Fortune had not smiled upon Ernst, either, it seemed. He had studied at the university for a year, but his parents couldn’t afford to support him, and he was forced to go out and work. He worked in a children’s clothing store in Heimland for a year, but then both of his parents died and he moved to Salzburg. There he was a cashier in a department store. Blanca looked at him and said, “You haven’t changed.”
“What are you doing?” he asked.
“I live and breathe.” The voice of past days returned to her.
“May I join you for a cup of coffee?” Ernst said, sitting down beside her.
No, Ernst hadn’t changed. The wrinkles of bitterness had indeed become somewhat deeper, but there was no alteration in his appearance. He spoke as he used to, emphasizing, for some reason, the word “future,” a word his parents had apparently used frequently. His parents had been known in the town as hardworking people whom fortune had not favored.
“You haven’t converted, have you?” Blanca asked.
“No.”
“Like everybody else, I did.”
“My parents didn’t push me into that, and I myself never felt the need to do it.”
“You did right. A person should be loyal to his sentiments,” Blanca said, feeling that those words hadn’t come out of her own mouth.
“Who knows?” he replied, like someone who has already been burned.
After a pause he added, “When we were children, we competed with each other. People used to say, two competitive Jews. You were better, I must admit.”
“Why do you say that?”
“You were more open. Your response to a math problem was spontaneous. You immediately saw the possibilities, and sometimes all the possibilities.”
“But you were more thorough.”
“Maybe. But I was immersed in unnecessary details.”
“Strange, we never talked about it then.” For a moment she wanted to stop the stream of words.
“You were brilliant, and I was sure that I couldn’t catch up with you. Your quickness, your agility, proved to me every day that I was on a lower level.”
It was the same Ernst, with the same inhibitions coming out of hiding. Blanca wanted to contradict him but didn’t know how. Once again muteness seized her.

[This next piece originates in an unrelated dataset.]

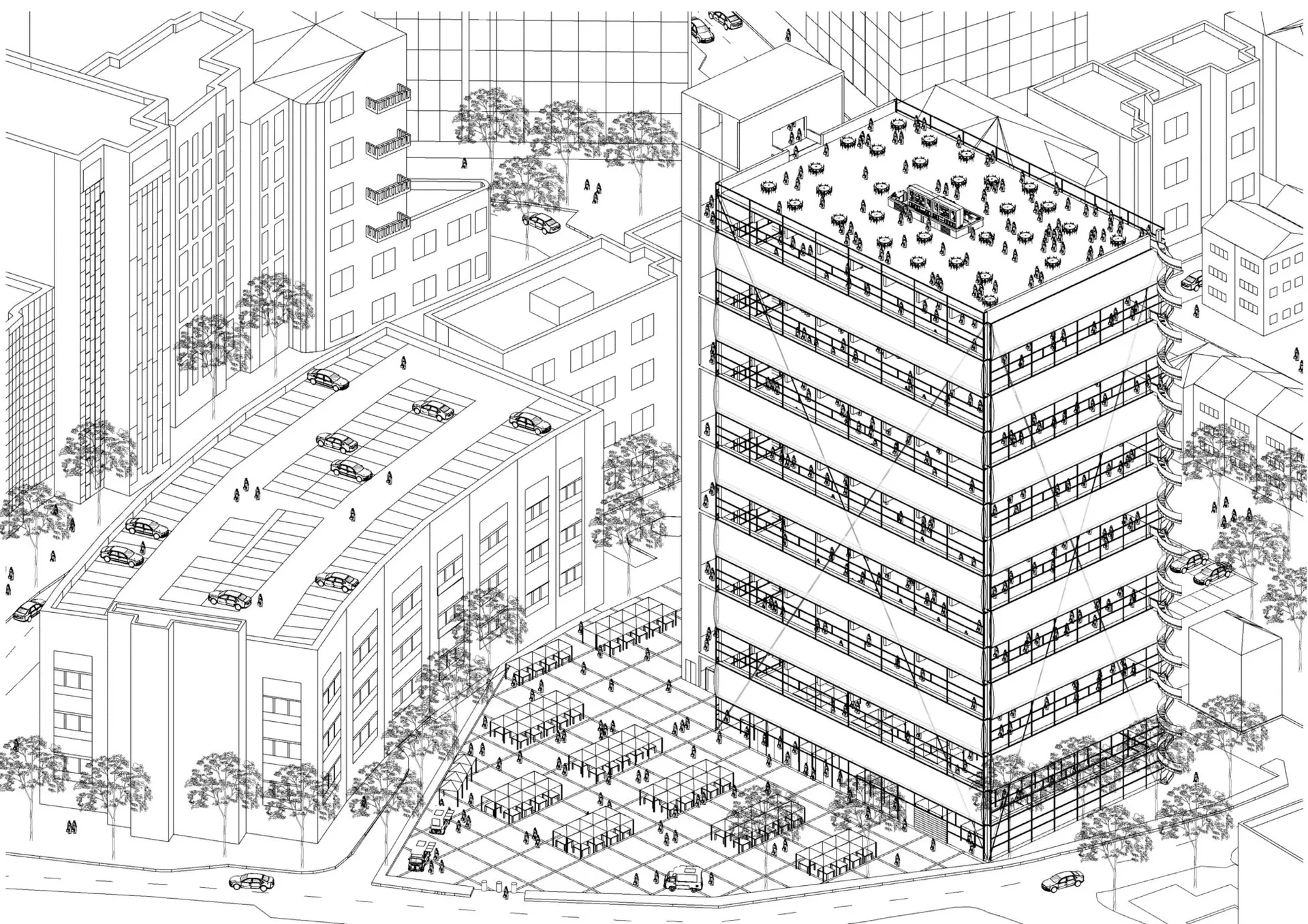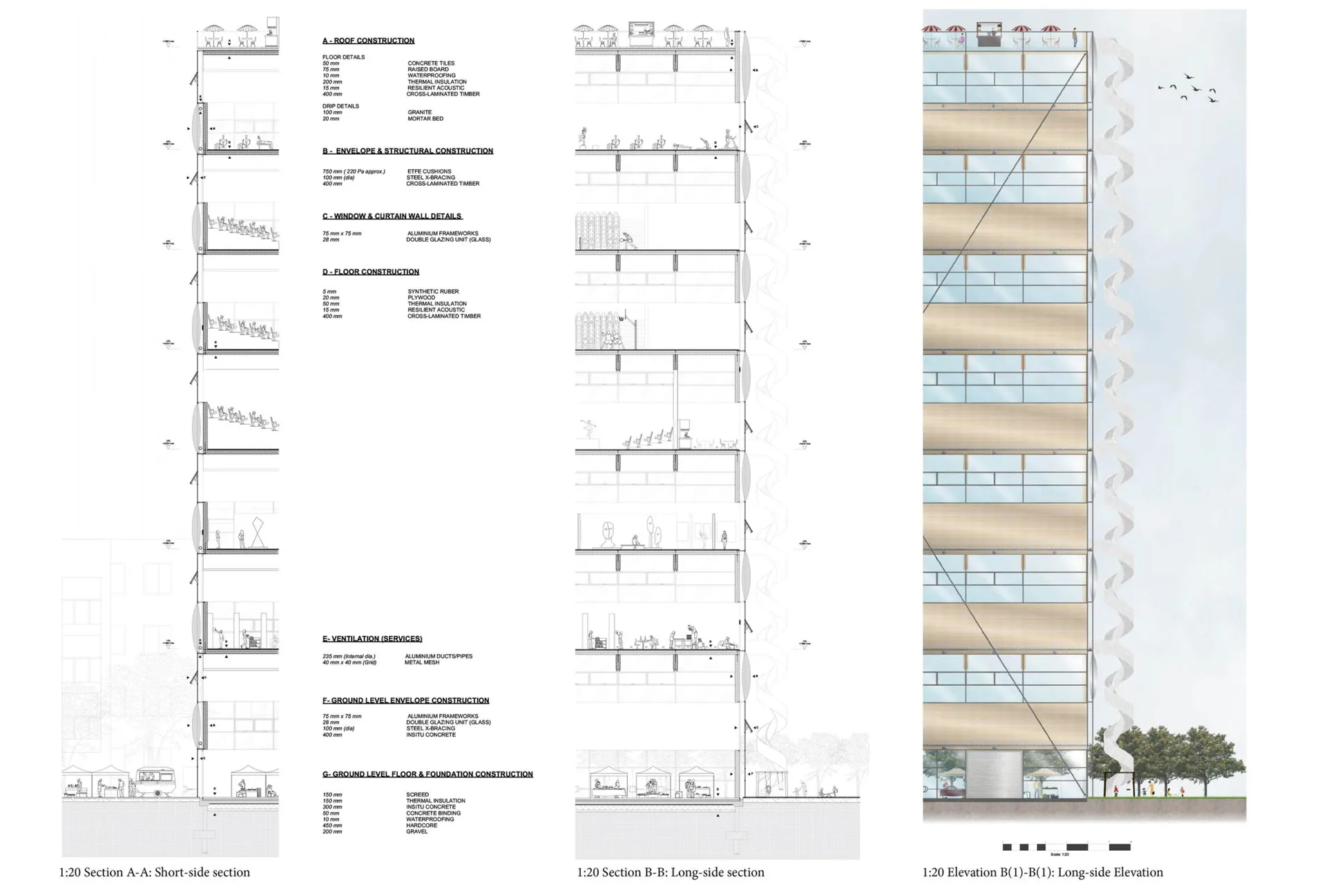 CLT sequesters carbon, reducing the overall carbon footprint of the building in stark contrast to the traditional concrete and steel buildings in Croydon. In addition, the building is future proof due to the flexibility of the floor plans. In designing my building, I have tried to bridge the gap present in the oxymoronic title “Palaces for the People” and make it a people’s place that is defined and controlled by them. I have kept people at the heart of the proposal, which aims to create a strong sense of belonging while being a site-specific design. I have tried to design a space that is socially inclusive, spatially diverse and visually attractive.

“I have to go back,” Ernst said, rising to his feet. She even remembered his way of standing up now. The journey from his seat to the blackboard was an obstacle course for him. On the way his momentum would dwindle, and he would reach the blackboard without any strength, immediately declaring, “I was mistaken. I had an idea, but it turned out to be useless. Excuse me.” Because of those apologies, he aroused mockery. In her heart, even Blanca was contemptuous of that weakness of his.
“How long were you here for?” Once again she overcame her muteness.
“Just a few hours. I felt a kind of urge to come, so I did. I took a walk around all the familiar places, but I didn’t meet anyone I knew. You’re the only one. I didn’t want to go inside the high school. That wasn’t a place that was pleasant for me.”